The only question is how deliberate the act was, because we have different punishments based on how much responsibility can be reasonably assigned. But murder isn't right or wrong based on why someone was killed. To make a valid comparison you'd have to find laws that said murder was only wrong if you did it because you didn't like the person's race (religion, gender, etc... ), but otherwise was fine.
My analogy is perfectly fine.
As our standard is the regulation of action. Once you move from thinking to doing, you've crossed a threshold. You can think without doing and you don't meet the same threshold. The State doesn't regulate thought. The state regulates action. And has every right to do so.
Your 'thought control' nonsense only works if we equate thought with action. Which doesn't work. As you can think without acting with no consequence or legal intervention. Its only when you move past thought to include action that you fall under the regulation of the law.
I don't see how you can steer around the central point here. These kinds of laws put government in charge of deciding which opinions are valid and which aren't. When they agree with you, I guess it can seem like an ok policy, but what if things change? What if someone with different values than you is in charge of deciding which opinions are valid?
The law doesn't regulate opinion. It regulates actions. You can hold whatever opinions you like. But when you act on those opinions, your actions are subject to regulation. You are again equating thought with action. And they aren't the same thing. The entire premise of your argument is simple nonsense.
Our ability to express our values through "the company we keep" is a key component of social morality.
Not in the context of public business. In private life you have every right to express your values in that manner. Public business is a public act and an act of commerce. When engaged in commerce you are subject to regulation by the State governments. You can be held to minimum standards of conduct in business.
It's what allows us to function as a society without laws policing our every action.
Ivory tower bullshit. In the real world, we don't base our ability to police ourselves on denying gay people cake. Denying goods and services to black people does not 'allow us to function as a society'. Its entirely possible to work as a society and set minimum standards of conduct in business. As every society does.
We work and deal with the people who share our values, we avoid those who oppose them. That's a fundamental human right.
Denying black people goods and services is not a 'fundamental human right'. Refusing to employ women is not a 'fundamental human right'. Insisting black folks get to the back of the bus is not a 'fundamental human right.
Again, commerce is a public act. And the state has every authority to regulate public actions. Private associations are most definitely yours alone to define. You can wave your dick at a mirror to your heart's content in private. But wave it at traffic on a street corner and you're going to run into trouble.
Public, by definition, involves more than just you. And as such effects more than just you.
Commerce is the way goods and sevices are distributed in our society. This is how we get our food, our clothing, our shelter. And denial of goods and services can have a dramatic impact on other people. And we've seen it play out as a method of abuse and control and exploitation. Those States with PA laws decided that in such public acts that there should be minimum standards of conduct to prevent those predictable outcomes or to enforce the conception of justice held by its people.

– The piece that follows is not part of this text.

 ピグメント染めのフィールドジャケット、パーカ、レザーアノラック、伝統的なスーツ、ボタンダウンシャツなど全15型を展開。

And establishing standard of public conduct is not only within the authority of society, its exists in every society. You're insisting that society can enforce NO standards of public conduct. And you're simply wrong.
Stripping it from people simply because they are "engaged in commerce" is merely an inroad made possible by the commerce clause.

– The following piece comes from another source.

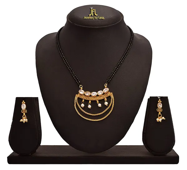 JFL -Traditional Ethnic One Gram Gold Plated Diamond & Pearl Designer Mangalsutra Sets

We're speaking of State PA laws. The commerce clause has nothing to do with it as it defines federal power. And you know this. The authority of the State to regulate intrastate commerce is a power retained by the State.
There's nothing inherently different about commerce than any other human interaction, and if we allow this kind of policy in the name of business regulation, we're going to get it other arenas as well.
We already regulate action in other arenas. And we always have. This mythical society where there is no regulation of actions in public, where there is no enforcement of any standards of public conduct does not exist nor has ever existed.
And we've seen the product of permitting the kind of rampant discrimination against blacks, jews, women, gays, etc in our society. Our society finds the outcome of such acts to be unacceptable. And has regulated accordingly. These are choices that society has the authority to make.
You ignore the outcome of the policies you propose, ignore the history of discrimination that is the product of them, ignore the vast and systematic impact on the lives of individuals, and instead imagine an ivory tower society in which society does not nor cannot regulate public behavior nor enforce any standards of public conduct.
The negative outcomes of your policies is real. While your mythic society of no regulation is imaginary.